● Information supplied:
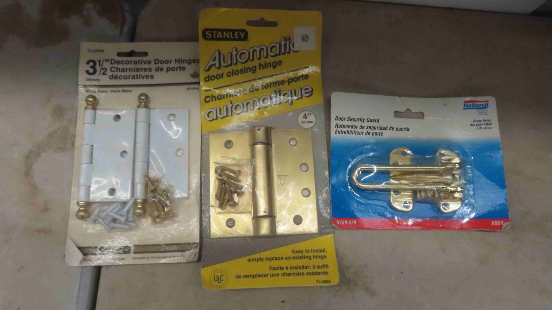 New Old Stock Hinges , Door Pulls , Chain Door Guard , Double Acting Spring Hinge, Plus
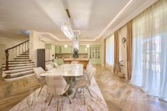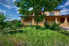 В доме сделан идеальный ремонт, в каждой спальне санузел и гардероб, кухня-гостиная около 100 м2, кабинет, великолепная терраса по фасаду дома и большая терраса на 2 этаже. Большой участок 16 соток, правильной формы, на котором бассейн, зона барбекю и много деревьев и зелени. Дом монолитный, стены толщиной 460-500мм возведены из кирпича с утеплителем и обложен настоящим Дагестанским камнем. Стеклопакеты утеплены с бронзовым напылением. В доме все коммуникации центральные, газ Котел 62кВ и бойлер 240 литров , вода, электричество 25 кВ, канализация. Тёплые полы, отопление и кондиционирование, система видеонаблюдения, освещение по всему периметру забора. Сделана зона парковки для авто. Дом строился для себя и об этом говорит, каждая деталь и все материалы использованные при строительстве. Для дома такого масштаба именно внутри Немецкой Деревни у нас отличная цена, приезжайте и убедитесь в этом.
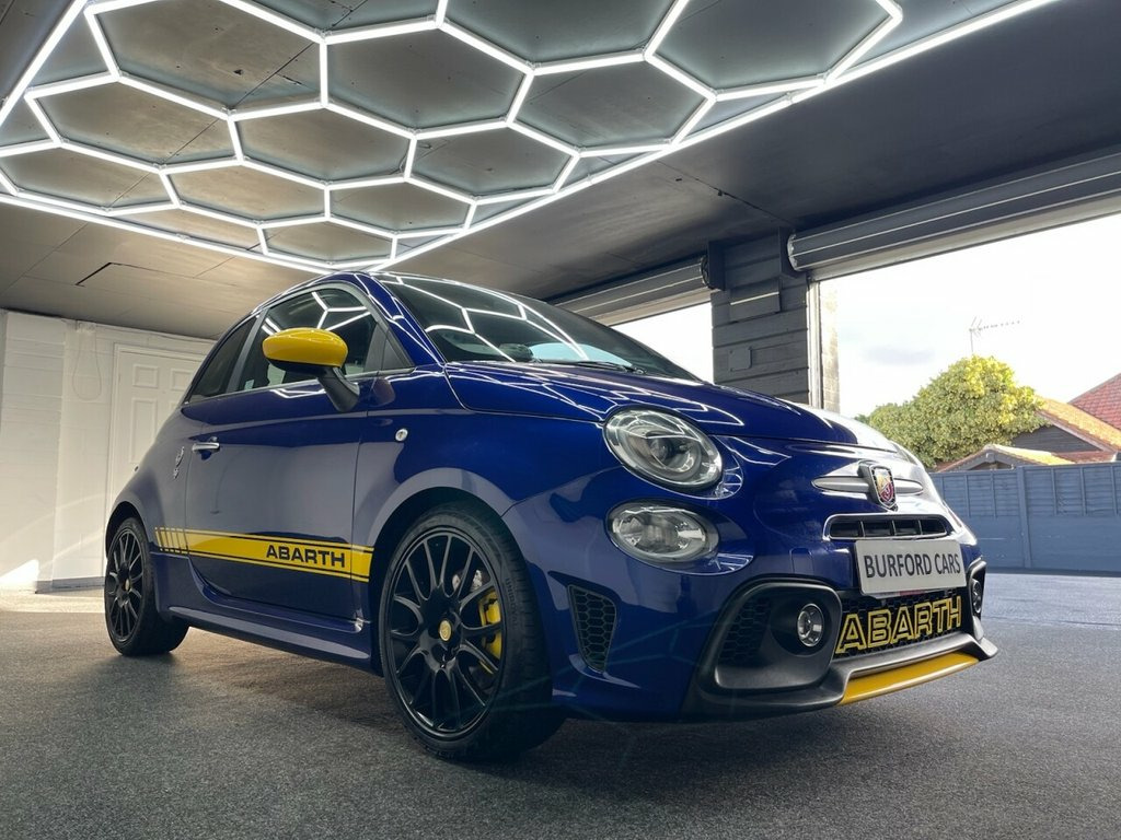 A STUNNING VERY LOW MILEAGE EXAMPLE WITH A FULL SERVICE HISTORY AND 2 KEYS. FINISHED IN PODIUM BLUE METALLIC WITH SPORTS INTERIOR AND YELLOW PACK. This 2020 Abarth 595 T-Jet Pista 70th is a remarkable find with exceptionally low mileage for its age, having covered just 26,000 miles. This Euro 6 compliant model boasts a spirited 1.4L petrol engine and comes with an MOT valid until September 2026, offering peace of mind for the road ahead. Inside, you'll find modern conveniences including air conditioning, seamless integration with Apple CarPlay and Android Auto, and a 7 inch touchscreen radio complete with Bluetooth, USB, and DAB capabilities. The performance of this Abarth 595 is a key highlight, with its impressive 0-60mph acceleration achieved in just 7.3 seconds. This quick acceleration demonstrates how this particular vehicle offers a more engaging driving experience compared to many others in its class. The Pista 70th trim level further enhances its appeal, making this a compelling choice for those seeking a car that combines sporty performance with everyday usability. ++ PODIUM BLUE ++, ++ FULL SERVICE HISTORY ++, ++ YELLOW COLOUR PACK ++, ++ APPLE CAR PLAY + ANDROID AUTO ++, ++ 2 KEYS ++, Podium Blue, Colour Kit - Yellow, 12V Power Point, 17in Alloy Wheels - Formula - Matt Black, 7in TFT Instrument Cluster with Sports M, 7in Touchscreen Radio with - BT - USB - , ABS - Anti-Lock Braking System, Air Conditioning, Airbags - Driver, Airbags - Drivers Knee, Airbags - Front Side, Airbags - Passenger, Airbags - Window, Apple Carplay - Android Auto, BMC High Performance Air Filter, Central Locking - Remote, Colour Kit - Red, Door Mirrors - Electrically Adjustable a, Dual Mode Record Monza Exhaust System wi, EBD - Electronic Brakeforce Distribution, Electric Wind
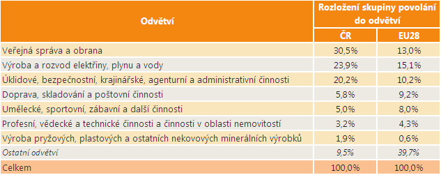 Vzhledem k uvedenému rozložení zaměstnaných osob do jednotlivých odvětví je v ČR odvětvová koncentrace této skupiny povolání v porovnání s ostatními skupinami povolání podprůměrná.

● Task goal:
Restate the listing above word for word. Leave the images out.

● Solution for this problem:
 New Old Stock Hinges , Door Pulls , Chain Door Guard , Double Acting Spring Hinge, Plus
 В доме сделан идеальный ремонт, в каждой спальне санузел и гардероб, кухня-гостиная около 100 м2, кабинет, великолепная терраса по фасаду дома и большая терраса на 2 этаже. Большой участок 16 соток, правильной формы, на котором бассейн, зона барбекю и много деревьев и зелени. Дом монолитный, стены толщиной 460-500мм возведены из кирпича с утеплителем и обложен настоящим Дагестанским камнем. Стеклопакеты утеплены с бронзовым напылением. В доме все коммуникации центральные, газ Котел 62кВ и бойлер 240 литров , вода, электричество 25 кВ, канализация. Тёплые полы, отопление и кондиционирование, система видеонаблюдения, освещение по всему периметру забора. Сделана зона парковки для авто. Дом строился для себя и об этом говорит, каждая деталь и все материалы использованные при строительстве. Для дома такого масштаба именно внутри Немецкой Деревни у нас отличная цена, приезжайте и убедитесь в этом.
 A STUNNING VERY LOW MILEAGE EXAMPLE WITH A FULL SERVICE HISTORY AND 2 KEYS. FINISHED IN PODIUM BLUE METALLIC WITH SPORTS INTERIOR AND YELLOW PACK. This 2020 Abarth 595 T-Jet Pista 70th is a remarkable find with exceptionally low mileage for its age, having covered just 26,000 miles. This Euro 6 compliant model boasts a spirited 1.4L petrol engine and comes with an MOT valid until September 2026, offering peace of mind for the road ahead. Inside, you'll find modern conveniences including air conditioning, seamless integration with Apple CarPlay and Android Auto, and a 7 inch touchscreen radio complete with Bluetooth, USB, and DAB capabilities. The performance of this Abarth 595 is a key highlight, with its impressive 0-60mph acceleration achieved in just 7.3 seconds. This quick acceleration demonstrates how this particular vehicle offers a more engaging driving experience compared to many others in its class. The Pista 70th trim level further enhances its appeal, making this a compelling choice for those seeking a car that combines sporty performance with everyday usability. ++ PODIUM BLUE ++, ++ FULL SERVICE HISTORY ++, ++ YELLOW COLOUR PACK ++, ++ APPLE CAR PLAY + ANDROID AUTO ++, ++ 2 KEYS ++, Podium Blue, Colour Kit - Yellow, 12V Power Point, 17in Alloy Wheels - Formula - Matt Black, 7in TFT Instrument Cluster with Sports M, 7in Touchscreen Radio with - BT - USB - , ABS - Anti-Lock Braking System, Air Conditioning, Airbags - Driver, Airbags - Drivers Knee, Airbags - Front Side, Airbags - Passenger, Airbags - Window, Apple Carplay - Android Auto, BMC High Performance Air Filter, Central Locking - Remote, Colour Kit - Red, Door Mirrors - Electrically Adjustable a, Dual Mode Record Monza Exhaust System wi, EBD - Electronic Brakeforce Distribution, Electric Wind
 Vzhledem k uvedenému rozložení zaměstnaných osob do jednotlivých odvětví je v ČR odvětvová koncentrace této skupiny povolání v porovnání s ostatními skupinami povolání podprůměrná.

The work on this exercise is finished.